## [Exercise goal]
Below this line are records; write out exactly the lines from the one containing "OOMOL Studio 是一款基于" through the one containing "Fotomurales Bloques de", with the pictures left out.

## [Records for this task]
-- Opening Marker --

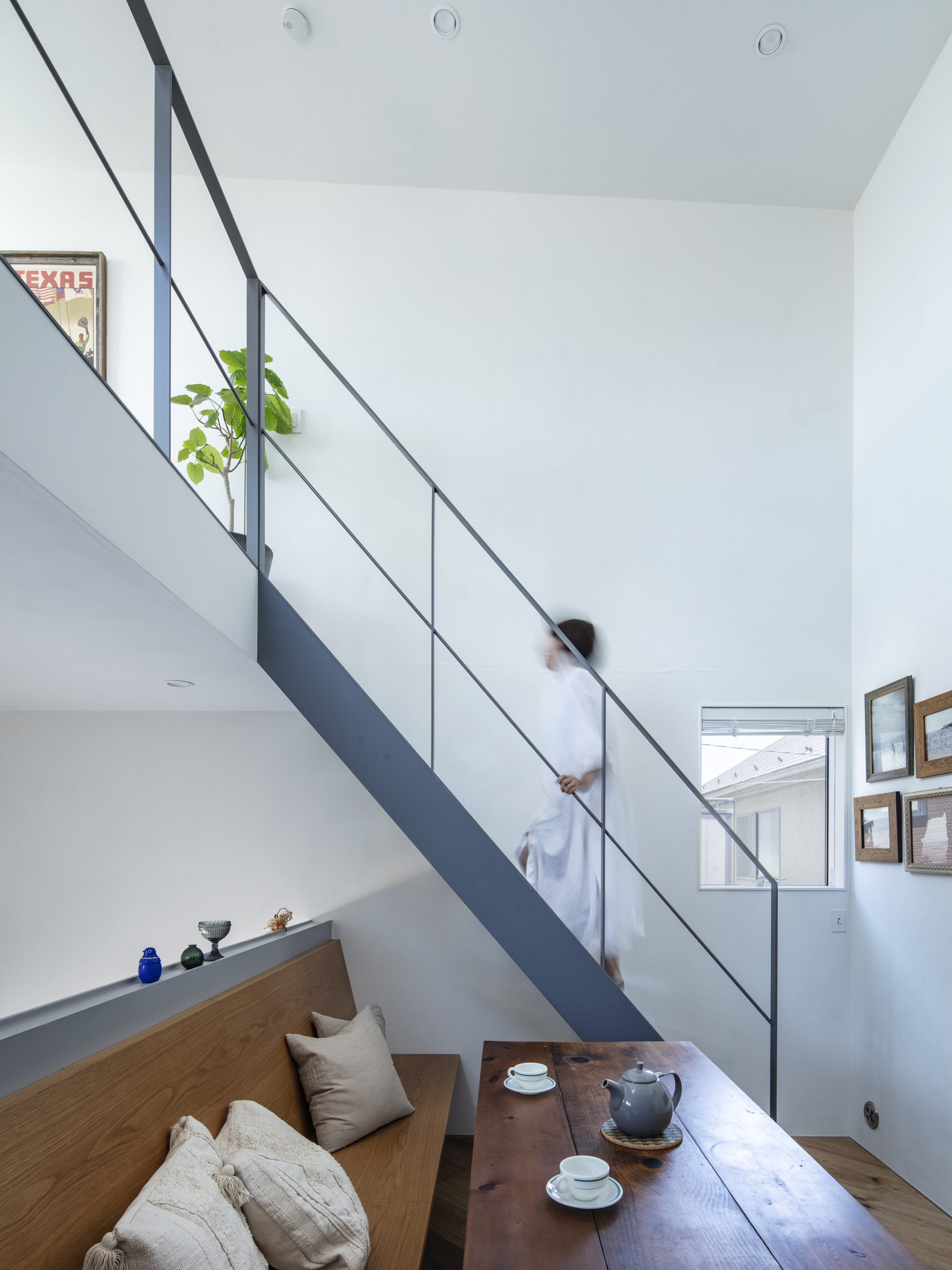 외부 환경을 자연스럽게 끌어들이기 위해 현관에는 목재 프레임의 대형 슬라이딩 유리문을 설치했다. 상부로 이어지는 개방형 계단과 마주하는 이 요소는 시선을 막지 않으면서도 실내와 외부 사이를 부드럽게 분리하는 장치다. 현관 바닥은 외부 지면보다 약 40cm 낮게 설정되어, 도심에 있으면서도 한 단계 내려앉은 듯한 차분한 감각을 만든다. 동시에 시선은 자연스럽게 들어 올려져 외부와의 연결감은 유지된다.
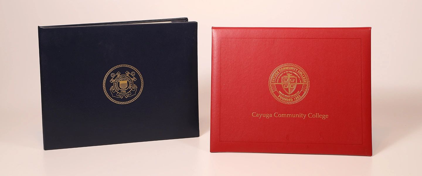 In stock for immediate shipment to hold 8.5 x 11” certificates in black, navy, burgundy and dark green. Holders feature padded front and back covers with a white moire panel to hold one or two certificates.
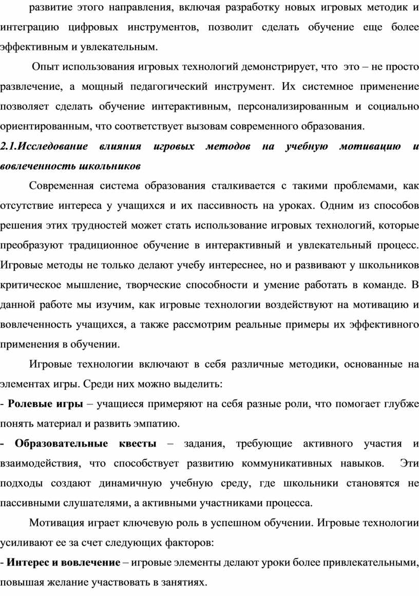 2.1 Исследование влияния игровых технологий на мотивацию и вовлеченность учащихся в учебный процесс……………………………………………..….….....13-22
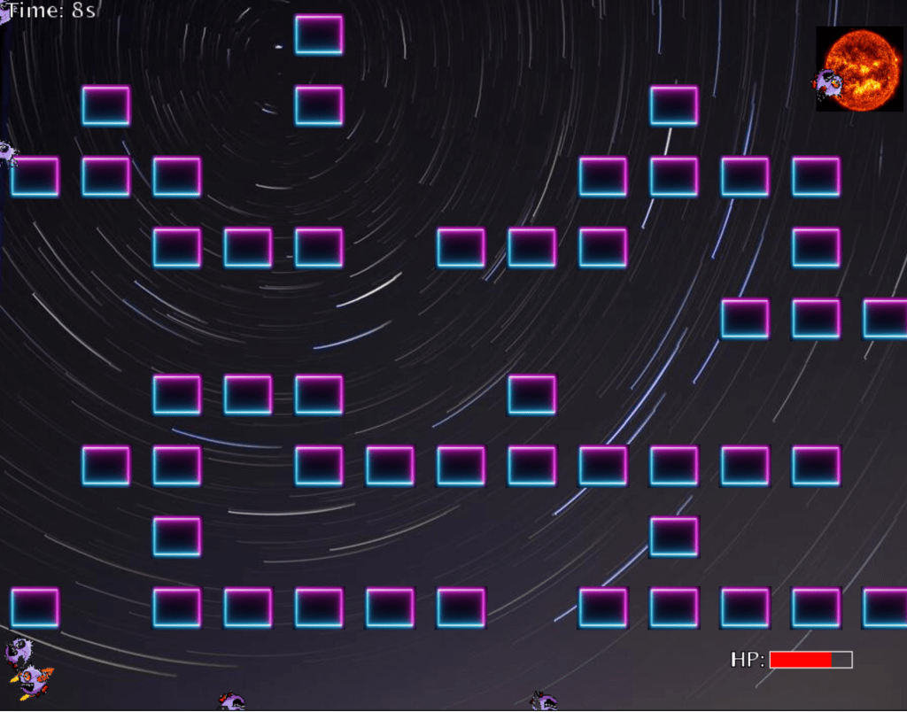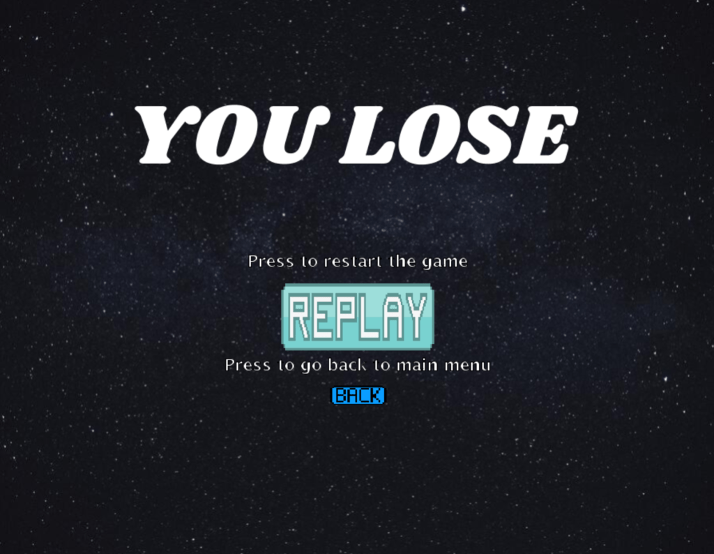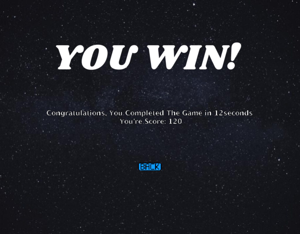 As you can see, there are obstacles that create the maze for the player to navigate through and at the top left hand side of the page, there is a part that indicates the amount of time that the player has spent playing the game. At the bottom right hand side, there is the HP bar the shows the player how many health points the main character, the rocket, has until it explodes and the game ends. When the game ends, and there are two senarios: win or lose, the player it taken to either of the two pages: win page, lose page.
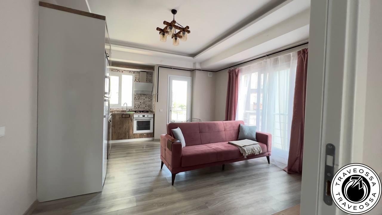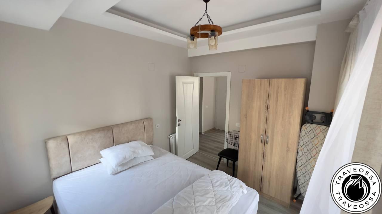 - Amenities: fully furnished; TV; air conditioner; dishwasher; washing machine; large fridge; oven & gas stove with hood; microwave; iron & board; sofa-bed; orthopedic mattress; wardrobe; linens & towels; free Güneş water heating; on-demand water heater; high-speed internet
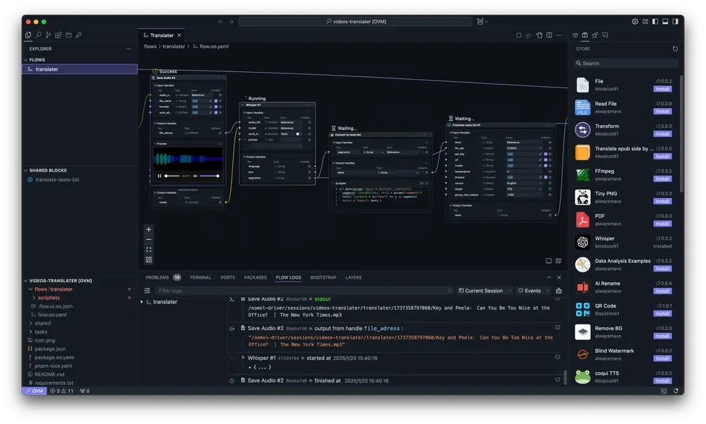 OOMOL Studio 是一款基于 VSCode 打造的现代化集成开发环境(IDE),专为开发者设计,通过整合容器化、AI 功能和社区资源,极大地简化了开发者的日常工作流程。它支持 Windows 和 macOS 两大主流平台,帮助开发者专注于代码本身,而非繁琐的环境配置和调试。
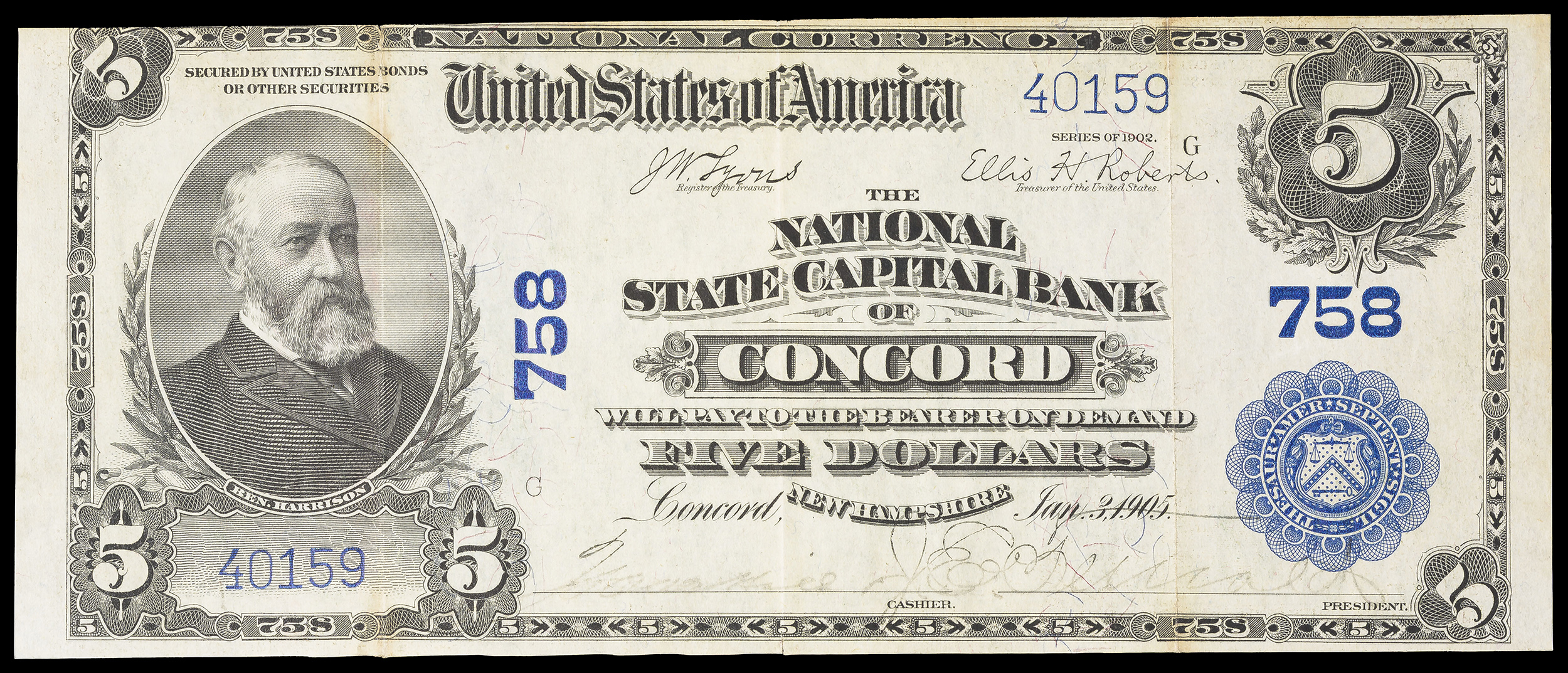 VF-EF 1902 Concord NH $5 National
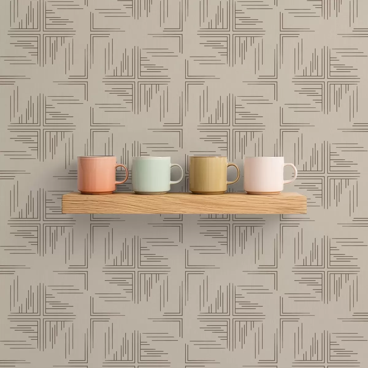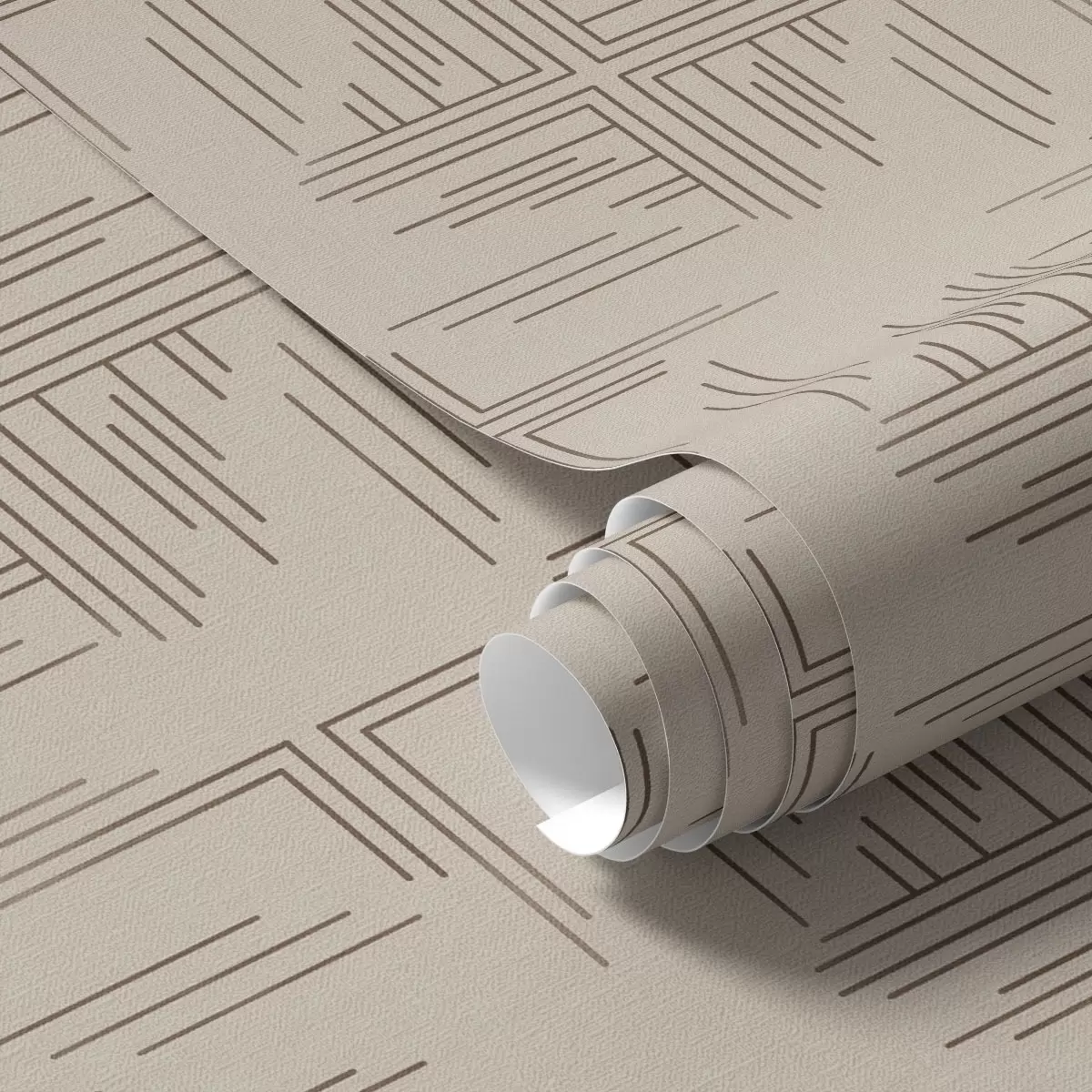 Fotomurales Bloques de esquina de cacao con detalles de líneas dispersas, beige Nr. a00912
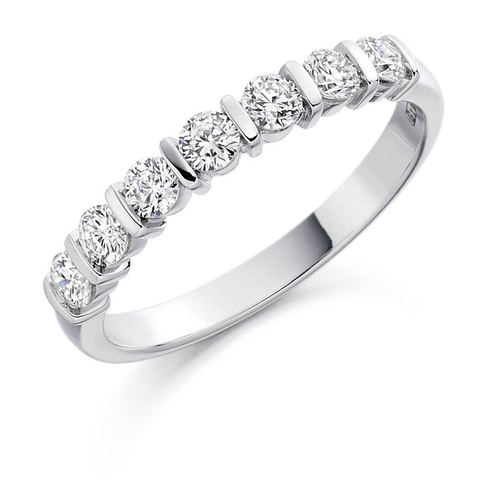 This Raphael Collection Half Eternity Ring stands out with its sparkling round brilliant diamonds and unique bar setting.

-- Closing Marker --

## [Response box]
 OOMOL Studio 是一款基于 VSCode 打造的现代化集成开发环境(IDE),专为开发者设计,通过整合容器化、AI 功能和社区资源,极大地简化了开发者的日常工作流程。它支持 Windows 和 macOS 两大主流平台,帮助开发者专注于代码本身,而非繁琐的环境配置和调试。
 VF-EF 1902 Concord NH $5 National
 Fotomurales Bloques de esquina de cacao con detalles de líneas dispersas, beige Nr. a00912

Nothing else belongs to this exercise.